Rakamlar üzerinden algı operasyonu yapmakta üstümüze yok! Siyasetçisinden bürokratına, federasyon ve kulüp yöneticisinden antrenörüne sporun içindeki herkes, tribünlere oynamak için sayıları kullanıyor. Son örnek, Akdeniz Oyunları.
Balkan şampiyonalarının bir üstü… Başka ülkeler, gelecek vaat eden gençlerini, yıldız olmayan atletlerini yahut sakatlıktan çıkmış, form tutmak isteyen tecrübeli isimlerini gönderirken biz tam takım; madalya aldık diye seviniyoruz!
Kırkpınar, Wimbledon, Fransa Tipi, Formula 1 varken, Akdeniz Oyunları’nı izleyen var mı?
Ons Jabeur teniste tarih yazıp Tunus’u dünyaya tanıtırken, ülkesinin Akdeniz Oyunları şampiyonları Mouna Beji ile Asma Belirli tanınıyor mu?
FIBA’nın 3×3 dışında kadro gönderilmesine müsaade vermediği, voleybolun B yahut C grup düzeyinde temsil edildiği bir tertip bu.
İşin özeti şu: Asıl dikkate alınması gereken sayılar öbür şey anlatıyor. En kıymetli iki olimpik branştan örnek vereyim:
Akdeniz’de 7’si altın 15 madalya aldığımız atletizmde son olimpiyat ve dünya şampiyonasındaki madalya sayımız 0 (Yazıyla sıfır). Son kıta şampiyonasında 1’i altın 5 madalya aldık.
Akdeniz’de 5’i altın 19 madalya aldığımız yüzmede son olimpiyat, dünya ve kıta şampiyonasındaki madalya sayımız 0 (Yazıyla sıfır). En büyük iki tertipte final bile göremedik. 25 Haziran’a kadar Budapeşte’de dünyanın en güzelleri ile yarışırken yarı finalden ötesini göremeyen yüzücülerimiz, 2 hafta sonra Oran’da tepe yaptı!
Son olimpiyatta (Kosova, Katar, İsrail, Uganda kadar) yalnızca 2 altın, toplam 13 madalya ile genel klasmanda 35. olabildik. Akdeniz’de (güreşte Taha ve İstek hariç, olimpik branşlarda) tam takım 41’i altın 102 madalya aldık, İtalya’nın yedeklerine geçildik. İkisi için de “Sporda tarih yazıyoruz” dediler!

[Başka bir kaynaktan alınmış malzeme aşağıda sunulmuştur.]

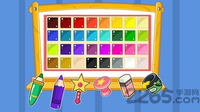 1.多种笔刷工具包括铅笔、蜡笔,其他工具有自动填色魔法棒、印章、橡皮擦、油漆桶和动画魔法棒,给图形上色后点击动画魔法棒可以播放作品。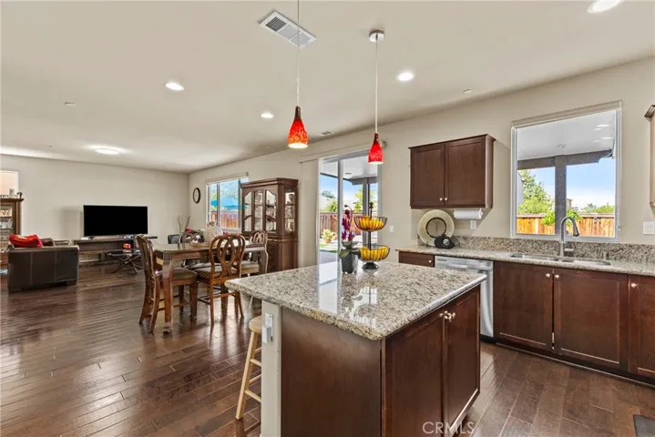 Step inside to find an open-concept floor plan designed for both daily living and entertaining. The gourmet kitchen features granite countertops, a huge center island, stainless steel appliances, and an abundance of cabinetry—perfect for gathering with family and friends. The hardwood floors downstairs add warmth and sophistication, while plush carpeting upstairs ensures comfort in the private living spaces.

Sizi bilmem. Benim için gerçek muvaffakiyet ölçüsü, atletizm ve yüzmede bu ay ve ağustosta düzenlenecek dünya ve Avrupa şampiyonaları… Sporumuzun gerçek düzeyi muhakkak olacak.
Önümüzde bir de İslami Dayanışma Oyunları var. Oradaki madalyalara kim, ne kadar sevinecek, onu da göreceğiz.
Son kelamım “Şu kadar atlet gönderdik” diye övünenlere: Göğsünde Ay-Yıldız olan sportmen için muvaffakiyet, katılmak değil; olimpiyat ve dünya şampiyonalarında kazanmaktır. En değerli propaganda ve tanıtım araçlarından biri olan sporda büyüklüğün ölçüsü budur. Sayılar üzerinden yürütülen algı operasyonları, Türk sporunu kurtarmaz!